January 15, 2008

Teen Pregnancy

By Senator Lena C. Taylor

Too often these days, big problems get buried by rhetoric.  Teen pregnancy in Wisconsin is a case in point.  Policymakers were quick to trumpet drops in our state’s teen pregnancy rate during the past decade.  Lately, though, there’s been a failure to follow through with the progressive agenda that led to the drop in the first place.  The result is that Wisconsin’s once-declining teen pregnancy rate has plateaud over the past few years, without much public notice.

Teen pregnancy today is no less destructive than it was years ago.  Just as it did a decade ago, it has a remarkably subtle but pervasive negative impact on society.  For example: 

  • Teen mothers and their children are less likely to graduate high school than are other mothers and their children.  
  • Families with teen mothers are more likely to live below the poverty line and end up on welfare. 
  • Children of teen parents have a higher rate of incarceration than their peers and are more likely to be teen parents themselves.
  • A recent study reports that each teen birth costs the Wisconsin $80,000 per year in human and financial capital
  • Teen pregnancy has been linked to family dysfunction, child abuse and neglect, sexual violence, drug and alcohol abuse, and poor self-esteem

Teen pregnancy doesn’t just impact mothers and children; it’s not limited to a single segment of society.  It affects schools, businesses, community corrections, and a host of social services.
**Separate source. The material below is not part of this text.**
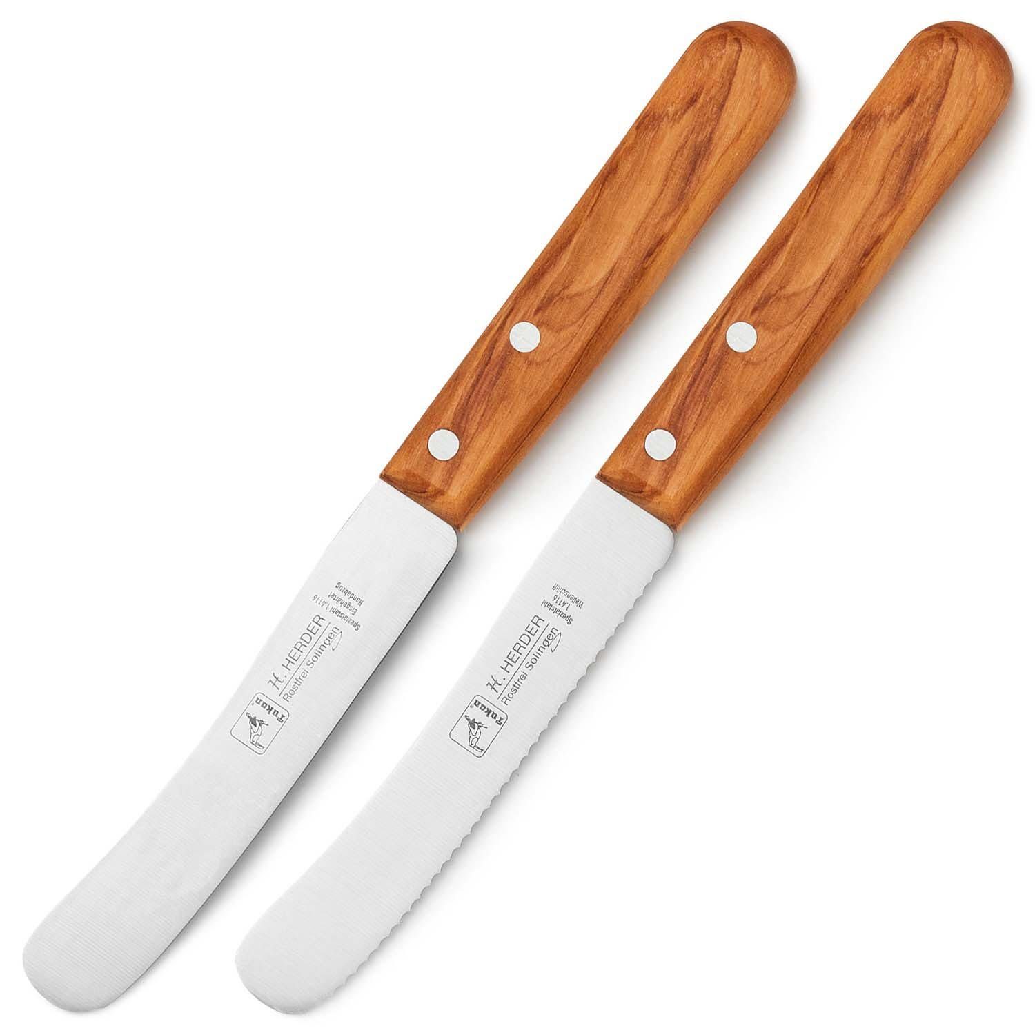 EL. Herder KG seit 1928 ein Traditionsunternehmen aus der Klingenstadt Solingen Unsere Buckelsmesser sind von höchster Qualität und eignen sich perfekt für die Benutzung am Frühstückstisch, z.B. um Butter, Marmelade und Co. auf dem Brot zu verschmieren. Aufgrund der Klingenstärke verbiegt sich die Klinge beim schmieren nicht. Das Buckelsmesser ist ein altdeutsches Frühstücksmesser und wir in seiner Form seit über 100 Jahren nahezu unverändert in Solingen produziert. Die Klinge wird feingeschliffen und sucht hierdurch in Sachen Schneidqualität und Erhalt der Schnittfähigkeit ihresgleichen. Ein zeitloser Klassiker und eine mediterrane Schönheit... Olivenholz, robust, stilvoll, kommt niemals aus der Mode und erfüllt hohe Ansprüche an Optik und Qualität. Wer sich für Olivenholz entscheidet, liebt nicht nur die warmen Farben und die eindrucksvollen Maserungen, sondern schätzt die positiven Eigenschaften sehr. Olivenholz hat eine natürliche antibakterielle Oberfläche, eine hohe Dichte und Härte und ist dadurch sehr langlebig. Diese Produkte sind aus reinstem Olivenholz gefertigt. Sie erhalten ein ganz idividuelles Unikat, naturbedingt kann die Maserung und Form von der Abbildung abweichen. Jedes Holz „arbeitet“ und reagiert auf verschiedene Temperaturen und auf Luftfeuchtigkeit, so kann es auch noch nach längerer Zeit zu materialbedingten Farbunterschieden oder kleinen Haarrissen kommen. Dies sind typischen Erscheinungen und nicht auszuschließen, da es sich um ein Naturmaterial handelt und stellt daher keinen Reklamationsgrund dar. Beacheten Sie bitte unsere Pflegehinweise, damit Sie sehr lange Freude an diesen Olivenholz-Produkten haben. -auf keinen Fall in die Spülmaschine -immer von Hand mit etwas Spülmittel und lauwarmen Wasser mit einem Tuch oder weichem Schwamm reinigen, wichtig! heißes Wasser kann Olivenholz zerreißen -immer sofort mit einem Küchentuch trocken wischen Herstellerangaben: Gesamtlänge: 22 cm Длина Griff: 10,5 cm Длина Klinge: 11,5 cm Stärke Klingerücken: ca. 1,4 mm Griffmaterial: Olivenholz Material Klinge: Edelstahl (Spezialstahl 1.4116) Klinge ohne Wellenschliff: Handabzug Klinge mit Wellenschliff: extra scharfer Wellenschliff Einzelgewicht ca.: 50 g Herkunft: Made in Solingen (Germany) Pflegehinweise Wir sind überzeugt von der Qualität der Produkte. Die Firma El Herder KG aus Solingen verwendet für Ihre Produkte in der Применитьung nur hochwertige Materialien und hat ausgefeilte Produktionsprozesse. Die Langlebigkeit der Produkte hängt insbesondere aber auch von der korrekten Handhabung und Pflege ab, weshalb wir unseren Kunden an dieser Stelle einige Hinweise zum richtigen Gebrauch und zur Pflege unserer Produkte geben wollen. Wir empfehlen grundsätzlich unsere Schneidwaren nicht in der Spülmaschine zu reinigen, um einen vorzeitigen Verschleiß (u.a. durch Ablagerung von Fremdkörpern und Beschädigung der Klinge) durch die verwendeten Reinigungsmittel zu verhindern. Stattdessen empfehlen wir die Reinigung von Hand unter lauwarmem Wasser und bei Verwendung eines milden Spülmittels. Ein haushaltsübliches Spültuch oder ein weicher Schwamm eignen sich besonders, um hartnäckigere Essensrückstände zu entfernen. Im Anschluss an die Reinigung sollte die Schneidware sofort abgetrocknet werden – auch hier reicht ein haushaltsübliches Trockentuch aus. Insbesondere die Pflege der Schneidwaren mit Holzgriffen möchten wir Ihnen besonders ans Herz legen. Hierbei ist darauf zu achten, dass die Messergriffe nicht mit Wasser in Kontakt kommen, um eine Austrocknung des Holzes zu verhindern. Da es sich bei den von uns verwendeten Hölzern um europäische Holzarten handelt, welche nicht wasserresistent sind, sollten Sie beim Waschen des Messers darauf achten, die Klingen sofort zu trocknen, damit keine Feuchtigkeit auf den Holzgriff übergehen kann. Durch regelmäßiges Einölen mit Öl (z.B. mit Leinöl oder anderen Holzpflegeölen) oder Wachs (z.B. mit Bienenwachs) können Sie den Schutz des Holzes vor Ausbleichung erhöhen und einen langlebigen Glanz und satte Farben des Messergriffs sicherstellen. Unsere Messer aus Carbon- und Gußstahl sind nicht rostfrei und sollten daher besonders gepflegt werden. Die Klingen dieser Messer verfügen über eine leichte Schutzschicht aus Öl und Wachs, welche für einen gewissen Zeitraum vor Verfärbung schützt. Sobald diese Schutzschicht verbraucht ist, beginnen sich Messer aus Carbon- oder Gußstahl durch Kontakt mit Feuchtigkeit bläulich/schwarz zu verfärben. Mit einer geeigneten Scheuermilch und einem groben Schwamm kann die Klinge dann aber wieder aufgehellt werden. Unsere Messer aus Edelstahl sind korrosionsbeständig und verfügen ebenfalls über eine feine Schutzschicht. Zum Erhalt der Schutzschicht ist eine regelmäßige Reinigung und pflege der Klinge unerlässlich, dann haben auch Flug- und Fremdrost keine Chance. Durch den regelmäßigen Gebrauch unserer Messer nutzt sich die Klinge gleichmäßig ab und wird dünner – die Schneidfähigkeit bleibt jedoch erhalten. Je nach Messer- und Klingenart ist es möglich, dass die Klinge im Laufe der Nutzung abstumpft. Sie können die Klingen unter Nutzung eines Wetzstahls oder eines Wetzsteins (Blockstein) dann problemlos nachschärfen. Beachten Sie, dass Sie beim Schärfen der Klinge einen Winkel von ca. 15-20 Grad einhalten und die gesamte Scheide vom Ansatz des Griffs bis zur Spitze der Klinge am Wetzstahl entlangführen. Für den Schärfungsprozess spielt die Geschwindigkeit der Bewegung keine Rolle. Bei Beachtung der obigen Pflege- und Gebrauchshinweise haben Sie lange Freude an den Messern der Firma El Herder KG aus Solingen.

Surprisingly, though, the widespread nature of teen pregnancy in our society hasn’t led to a substantial cooperative effort to fight it.  Instead of building on mutual recognition of the problem, groups have argued over particular policy solutions, oftentimes refusing to compromise or even consider alternative ways to achieve their goals.

If we’re actually going to do something about teen pregnancy—and not just posture politically—then we’ve got to look for common ground rather than digging in behind the most ‘extreme’ measures (like school-funded contraception).  Even though we might have different opinions as to what the best way to fight teen pregnancy is, there are certain things most of us can agree upon:

  • Educating the public is the best way to permanently lower teen pregnancy rates
  • It’s important that young people have resources they can go to with questions about teen pregnancy
  • Any policy dealing with teen pregnancy needs to ensure that the children of teen mothers are given access to necessities like healthcare and education

Starting with these basic, proven principles, we can implement policy that curbs teen pregnancy.  Whether that policy takes the form of an ad campaign educating young people about the dangers of teen pregnancy, or a series of community forums featuring guest speakers, or a comprehensive healthcare plan like BadgerCare Plus, any policy that even puts a dent in teen pregnancy statistics is an laudable accomplishment.

The time for posturing and rhetoric on teen pregnancy is long gone.  We need policies today that reaffirm our shared commitment to a future free of teen births.  As a start, I’ve authored a simple measure requiring schools to provide comprehensive sexual education to students.  Similar measures have been very successful in other states, both in terms of reducing teen pregnancy rates and in garnering widespread public support.  I hope that my bill can be a starting point, something we can all get behind in the fight against teen pregnancy.  If we don’t act soon, a whole generation will suffer the consequences.